But after the "honeymoon" period I realised the sound needed tweaking. Not enough clarity and natural sustain for my liking. I have Tonerider Vintage Alnico 2 P90s in a PRS SE guitar and they sustain wonderfully well and have a crystal clarity when payed clean. Moving the pickups away from the strings and playing around with polepiece heights on the SG helped a bit, but not enough. Currently it is, for what I want to play, and to my ears, a long way behind the PRS SE in qualities.

So I started wondering about pickups, and then when researching those found that the Sg has 500k tone pots but 300k volume pots. Wondered about the effect of changing the volume pots to 500k and maybe something on the wiring.

So I opened up the control cavity and was surprised to find this:

Apparently since 2008 SGs have their pots and electrics mounted on a PCB.
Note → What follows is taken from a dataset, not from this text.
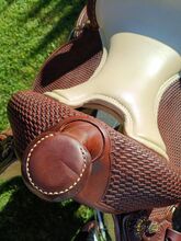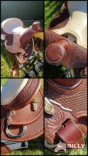 Der Sattel ist wunderbar gearbeitet und verziert. Das cremefarbene Leder macht ihn zu etwas besonderem.

There's a good picture at the top left of one of these boards in the link below to the "The Guitar Aging Studio".
Gibson PCBs - Guitar Aging Studio
I see that the summary that went with the picture said in particular (I've underlined the bit that caught my attention):-
The first thought was to replace the 300k volume pots with regular 500k ones, but viewing at the pcb, it was clear that the flat, narrow signal paths on the board are also a very significant reason for sound degradation, since they obviously kill higher frequencies, compared to a good quality, branched wire, which offers way more surface and supports higher frequencies on the signal.

I have seen a number of reports suggesting that ripping out the PCB (possibbly voiding the warranty?) and changing to convential wiring with 500k volume pots instead of 300k cleans up a lot of the muddiness and make sthe instrument totally different tonally. This benefit is mentioned in the text of the top middle picture of that link above.

It's a PCB that is not greatly user friendly for the player upgrading with aftermarket pups and electrics. "We are now working on making this system more friendly by allowing mods and aftermarket parts. I am hoping to release this in the next few months. It really isn't easy right now and we have to improve it". The words of Henry Juszkiewicz (no less) posted on a Gibson forum in July 2010. I have so far seen no signs or comments to sggest that this happened.

Though there is a small business in the Netherlands that makes replacement PCBs for Les Pauls (don't know if any use for an SG) which ARE user friendly ... non solder capacitor changes, and supplied with replacement moulex connectors for pickup changes, with the little bonus of a few switches for changing the PCB between 50s and modern wiring.

Generally many comments on Gibson and other forums point to the use of the PCB as being purely a way of saving labour in the guitar construction. I don't feel much inclined to investigate the PCB further - I don't have the technical knowledge to know what I'm looking at! Everything is soldered to the PCB and the pickup connectors are particular moulex connectors.

I'm feeling that any attempt I make to upgrade the guitar will, if I don't get the right result for me, leave me with a guitar without the stock Gibson parts that will reduce its resale value. With it's all mahogany neck and body and P90s it is a much more similarto my PRS SE than I thought at first (except for thehot pickups and the PCB) so I'm feeling inclined just to cut my losses at this point and sell it. It would be a fine guitar for someone that plays music with more overdrive and power - just a bad choice for me given my musical tastes.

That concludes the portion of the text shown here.